The West breathed a collective sigh when Chinese education minister recently vowed to ban "wrong Western values" in universities.

Those who follow the antiquated paradigm of autocracy versus democracy will invariably label the announcement as ideological tightening and claim China is closing the door to western culture.

But this sort of conclusion, without prudent review of why the Chinese government resists these "wrong Western values" or the context of this decision, is in itself wrong.

China does not oppose the ideas of liberty, democracy, equality and human rights, which are among the core values of western culture. In fact, these concepts are included in the Constitution. However, China's understanding of these concepts may differ to the West…

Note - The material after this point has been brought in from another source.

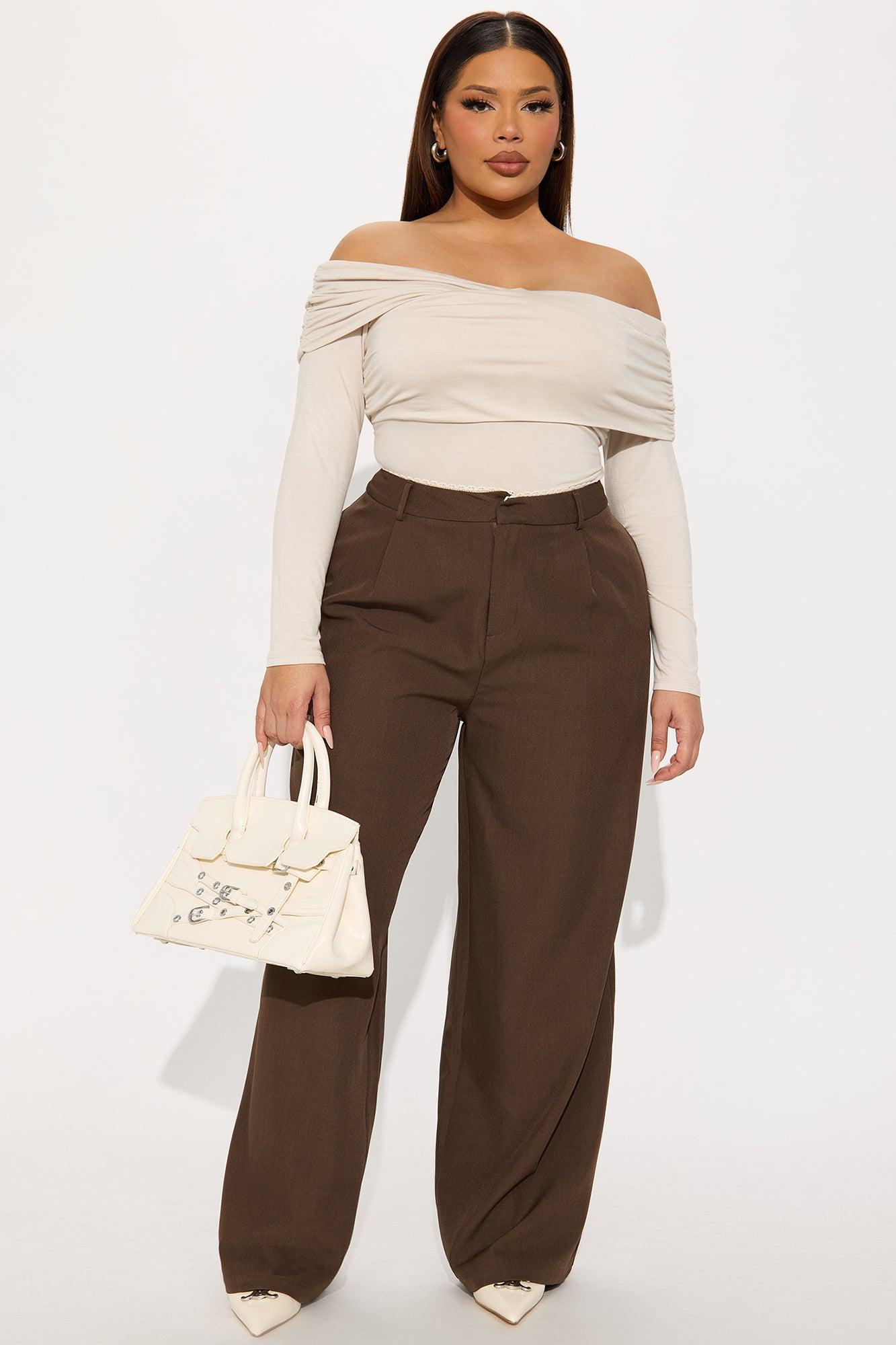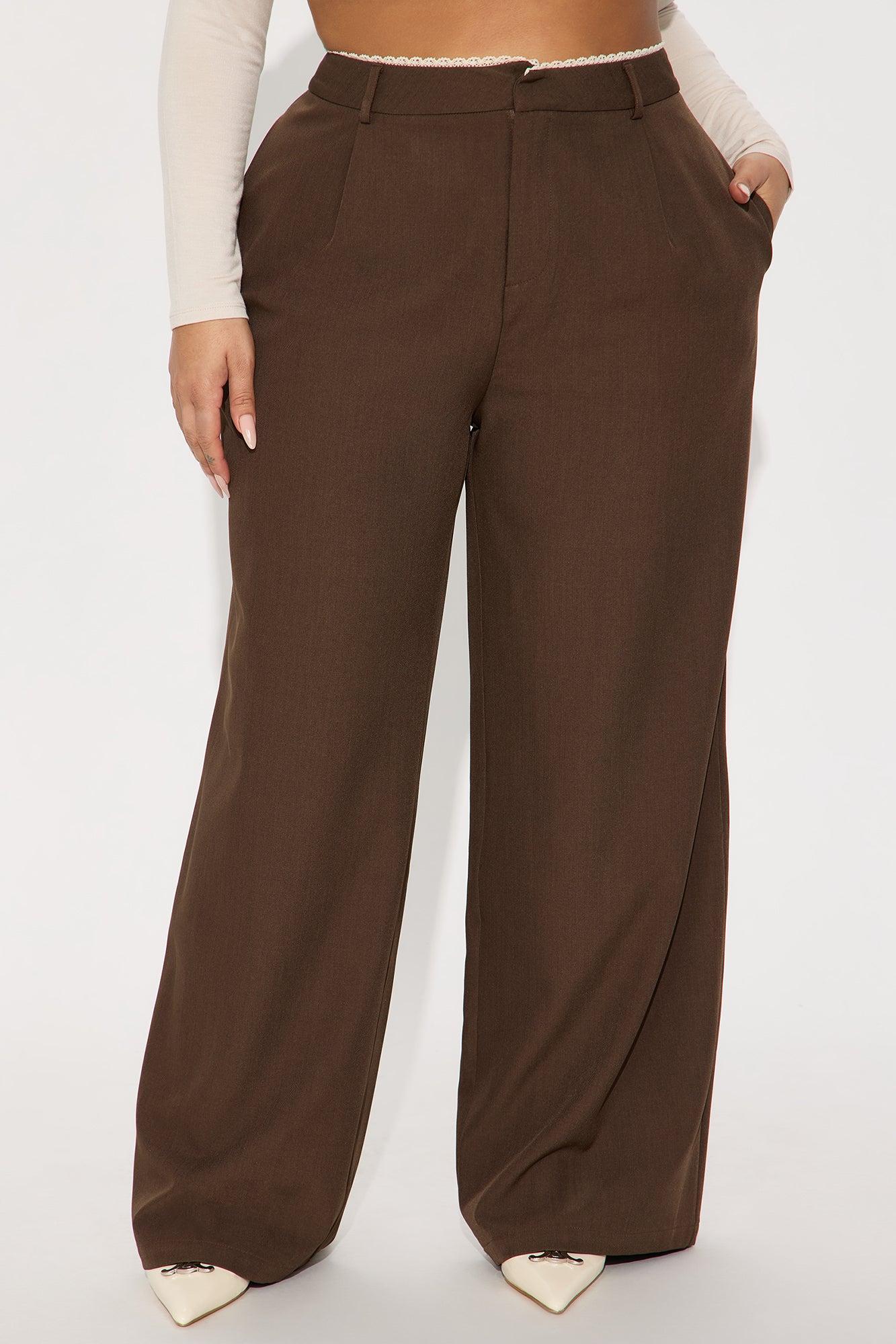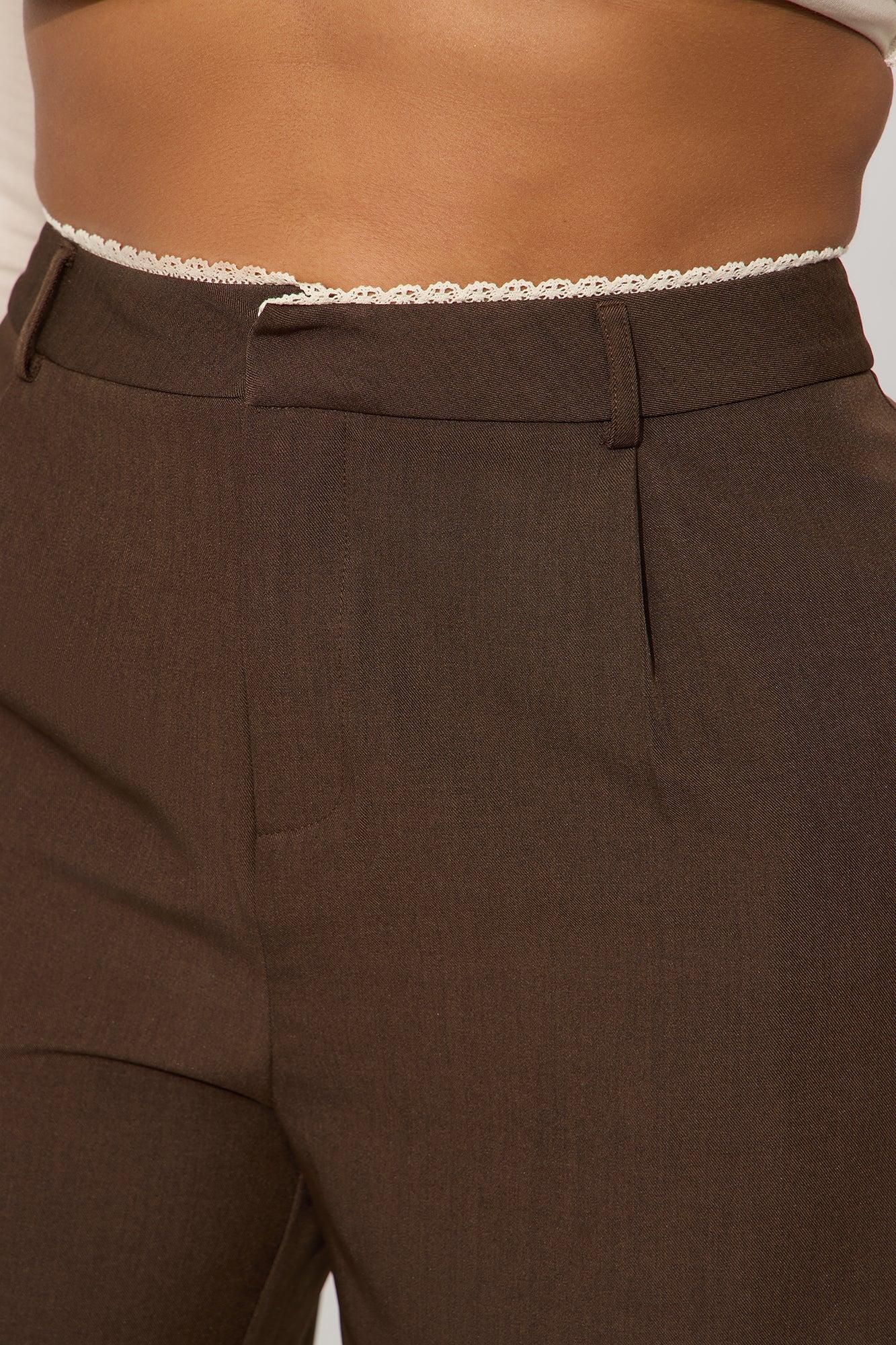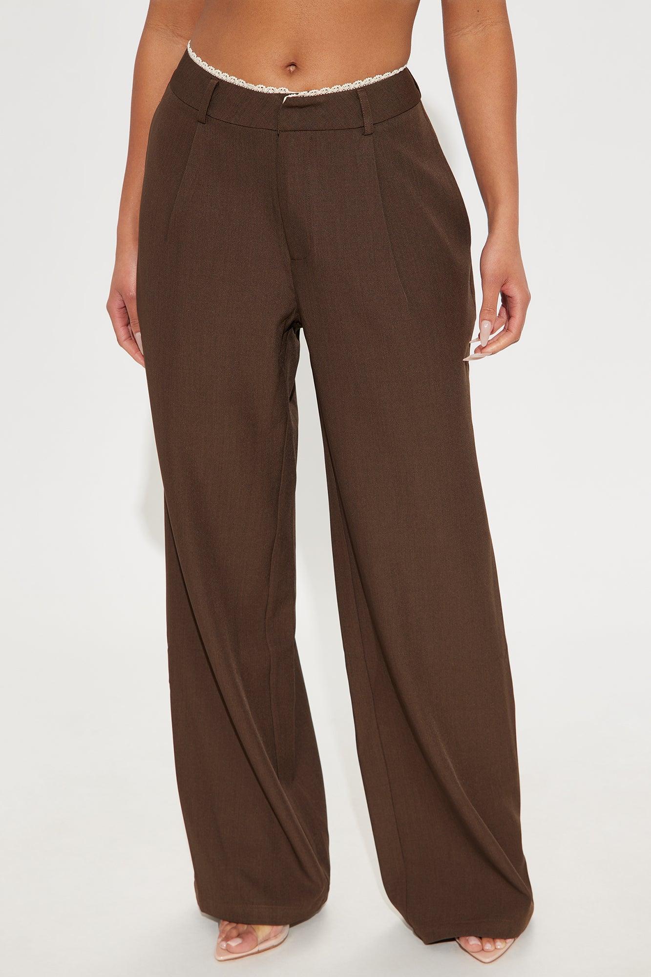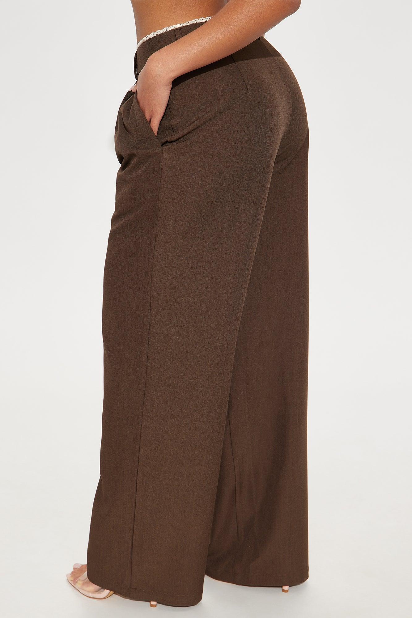 Available In Brown And Khaki. Wide Leg Trouser Mid Rise Lace Trim Waistband Hook & Eye Closure Hand Pockets Pleated Front Non Stretch 32" Inseam Self: 97% Polyester 3% Spandex Imported California Proposition 65 WARNING: Cancer and Reproductive Harm - www.P65Warnings.ca.gov.

There is no universal criteria to judge political values. Therefore, China must assimilate western values within its own political culture. Otherwise, it could ruin the future and fate of the entire nation.

China has always stressed the protection of human rights, which are the basic goals of countries seeking for good governance. However, it holds different values from the Western thought that human rights are natural born.

China holds that the concept of human rights depends on objective conditions, like history, traditions, and economic and social development, thus, there is no universal concept of human rights.

Unlike western countries, which pay more attention to liberty, protection of private property and other civil and political rights, China, a developing country, prioritizes the right to subsistence and development.

In addition, humans do not only have civil and political rights, but also economic, social and cultural rights.

Liberty is cherished the world over, including in China. In the political spectrum, liberty is a symbol of Western political thought that is based mainly on the individual. Chinese traditions and Marxist ideology, however, is based on collective liberalism…

China did not just stumble upon its current political system by accident, nor did it happen by random invention.

It is a result of a laborious processes of trial and error; reflection and institutionalization. During this process, some western concepts such as multiparty elections and the separation of powers were proved unsuitable for China' s development.

History has told the Chinese that denying the leadership of the CPC and socialism leads to chaos and stagnation…

As for political systems, China welcomes equal discussion and study, rather than criticism or lack of consideration of others' conditions.